(Dataset records)
____________________

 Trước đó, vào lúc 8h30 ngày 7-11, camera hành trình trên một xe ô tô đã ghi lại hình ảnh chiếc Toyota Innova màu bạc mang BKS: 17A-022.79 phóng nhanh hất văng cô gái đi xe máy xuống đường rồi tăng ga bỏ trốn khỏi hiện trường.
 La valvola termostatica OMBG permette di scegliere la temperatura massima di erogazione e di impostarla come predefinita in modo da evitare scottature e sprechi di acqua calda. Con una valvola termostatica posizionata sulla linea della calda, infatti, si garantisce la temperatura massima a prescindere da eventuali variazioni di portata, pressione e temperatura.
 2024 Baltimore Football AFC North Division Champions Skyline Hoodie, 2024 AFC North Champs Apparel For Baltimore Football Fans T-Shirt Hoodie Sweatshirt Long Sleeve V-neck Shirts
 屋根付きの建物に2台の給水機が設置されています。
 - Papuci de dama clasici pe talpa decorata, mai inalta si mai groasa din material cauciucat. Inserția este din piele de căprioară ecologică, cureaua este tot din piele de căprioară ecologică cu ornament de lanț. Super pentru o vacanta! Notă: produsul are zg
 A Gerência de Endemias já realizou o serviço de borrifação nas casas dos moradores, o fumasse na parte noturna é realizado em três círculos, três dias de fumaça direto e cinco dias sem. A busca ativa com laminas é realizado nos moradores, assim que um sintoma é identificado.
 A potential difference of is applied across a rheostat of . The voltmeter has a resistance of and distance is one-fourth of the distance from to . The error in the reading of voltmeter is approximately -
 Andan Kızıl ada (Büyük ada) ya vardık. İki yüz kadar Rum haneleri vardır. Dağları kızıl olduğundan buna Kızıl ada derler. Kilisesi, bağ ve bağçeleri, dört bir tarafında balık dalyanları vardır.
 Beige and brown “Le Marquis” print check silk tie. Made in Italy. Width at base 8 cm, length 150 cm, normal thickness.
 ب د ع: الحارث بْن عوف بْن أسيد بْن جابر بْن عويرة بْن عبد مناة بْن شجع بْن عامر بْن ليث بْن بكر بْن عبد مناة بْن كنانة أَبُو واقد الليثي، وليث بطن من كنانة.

____________________

*AIM OF THE TASK*.
Make an exact transcription of the entries.

*EXPECTED ANSWER*.
 Trước đó, vào lúc 8h30 ngày 7-11, camera hành trình trên một xe ô tô đã ghi lại hình ảnh chiếc Toyota Innova màu bạc mang BKS: 17A-022.79 phóng nhanh hất văng cô gái đi xe máy xuống đường rồi tăng ga bỏ trốn khỏi hiện trường.
 La valvola termostatica OMBG permette di scegliere la temperatura massima di erogazione e di impostarla come predefinita in modo da evitare scottature e sprechi di acqua calda. Con una valvola termostatica posizionata sulla linea della calda, infatti, si garantisce la temperatura massima a prescindere da eventuali variazioni di portata, pressione e temperatura.
 2024 Baltimore Football AFC North Division Champions Skyline Hoodie, 2024 AFC North Champs Apparel For Baltimore Football Fans T-Shirt Hoodie Sweatshirt Long Sleeve V-neck Shirts
 屋根付きの建物に2台の給水機が設置されています。
 - Papuci de dama clasici pe talpa decorata, mai inalta si mai groasa din material cauciucat. Inserția este din piele de căprioară ecologică, cureaua este tot din piele de căprioară ecologică cu ornament de lanț. Super pentru o vacanta! Notă: produsul are zg
 A Gerência de Endemias já realizou o serviço de borrifação nas casas dos moradores, o fumasse na parte noturna é realizado em três círculos, três dias de fumaça direto e cinco dias sem. A busca ativa com laminas é realizado nos moradores, assim que um sintoma é identificado.
 A potential difference of is applied across a rheostat of . The voltmeter has a resistance of and distance is one-fourth of the distance from to . The error in the reading of voltmeter is approximately -
 Andan Kızıl ada (Büyük ada) ya vardık. İki yüz kadar Rum haneleri vardır. Dağları kızıl olduğundan buna Kızıl ada derler. Kilisesi, bağ ve bağçeleri, dört bir tarafında balık dalyanları vardır.
 Beige and brown “Le Marquis” print check silk tie. Made in Italy. Width at base 8 cm, length 150 cm, normal thickness.
 ب د ع: الحارث بْن عوف بْن أسيد بْن جابر بْن عويرة بْن عبد مناة بْن شجع بْن عامر بْن ليث بْن بكر بْن عبد مناة بْن كنانة أَبُو واقد الليثي، وليث بطن من كنانة.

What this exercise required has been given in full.